What happened? The world changed. The world economy changed. And the church changed its practice and its theology.
“It’s very similar to the basic affirming case today,” Vines said. “After all, the primary forms of same-sex behavior in the ancient world were practices that Christians should be against — things like prostitution, sex with people who were enslaved, pederasty — that most noxious practice where you had adult men and adolescent boys — which was particularly a feature in ancient Greece but also practiced in somewhat different ways in ancient Rome.”
Still orthodox
The updated book includes an appendix addressing the question of whether there were relationships in the ancient world truly analogous to the kinds of same-sex marriages we are discussing today. “It matters if the forms of same-sex relationships we are considering today are significantly different from the forms of same-sex behavior that were widely practiced and discussed in the biblical world,” he said.
Again, Vines stands out among some other LGBTQ-affirming Christians because he makes the case for a high sexual ethic for people who are heterosexual or homosexual.
“What many affirming Christians are arguing for is not an anything-goes attitude toward sexual ethics, but specifically for the church to bless and affirm monogamous, covenantal same-sex relationships,” he said. “Yes, to make a change, to include something, to recognize that something once seen as intrinsically wrong, that actually it’s not intrinsically wrong, but not just to say, ‘Hey, no more boundaries, no more rules.’ That’s not what we’re doing at all.”
Again, it’s hard to out-orthodox Matthew Vines. If you’re looking for a book that makes a solid biblical case for covenantal same-sex relations, God and the Gay Christian is it. There are other gay Christians and allies who make more expansive cases — see Brandan Robertson’s new book Queer & Christian, for example — but the starting point to the biblical exegesis remains God and the Gay Christian.
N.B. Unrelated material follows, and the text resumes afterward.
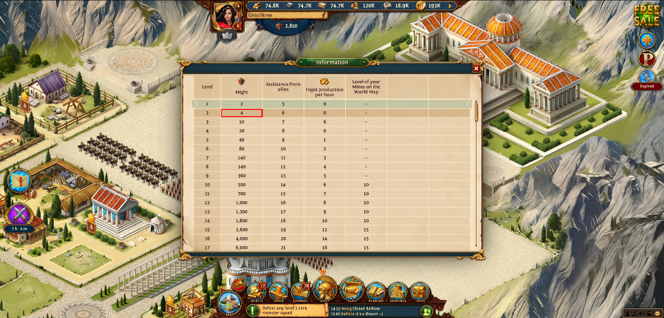 - Au niveau 2, le Capitole vous octroie 4 points de Puissance.
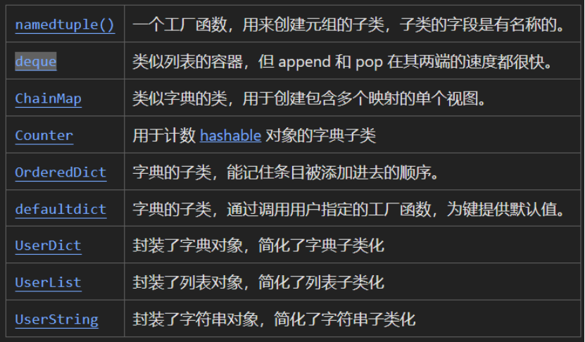 Python 内置的数据类型和方法,collections 模块在这些内置类型的基础提供了额外的高性能数据类型,比如基础的字典是不支持顺序的,collections 模块的 OrderedDict 类构建的字典可以支持顺序,collections 模块的这些扩展的类用处非常大,熟练掌握该模块,可以大大简化 Python 代码,提高 Python 代码逼格和运行效率。

And now we have an updated version of this essential volume with an updated introduction, two new chapters and two new appendices.
We all have nonaffirming friends who demand detailed debate over the Bible before they’ll accept any gay or lesbian people in the church. They want to debate the issue to death. Introduce them to Matthew Vines. He will meet them point by point.
The video of his presentation last fall is online and available for free. Share that with anyone and everyone. And then hand them a copy of the updated and expanded God and the Gay Christian.
Mark Wingfield serves as executive director and publisher of Baptist News Global. He is the author of five books, including Honestly: Telling the Truth About the Bible and Ourselves.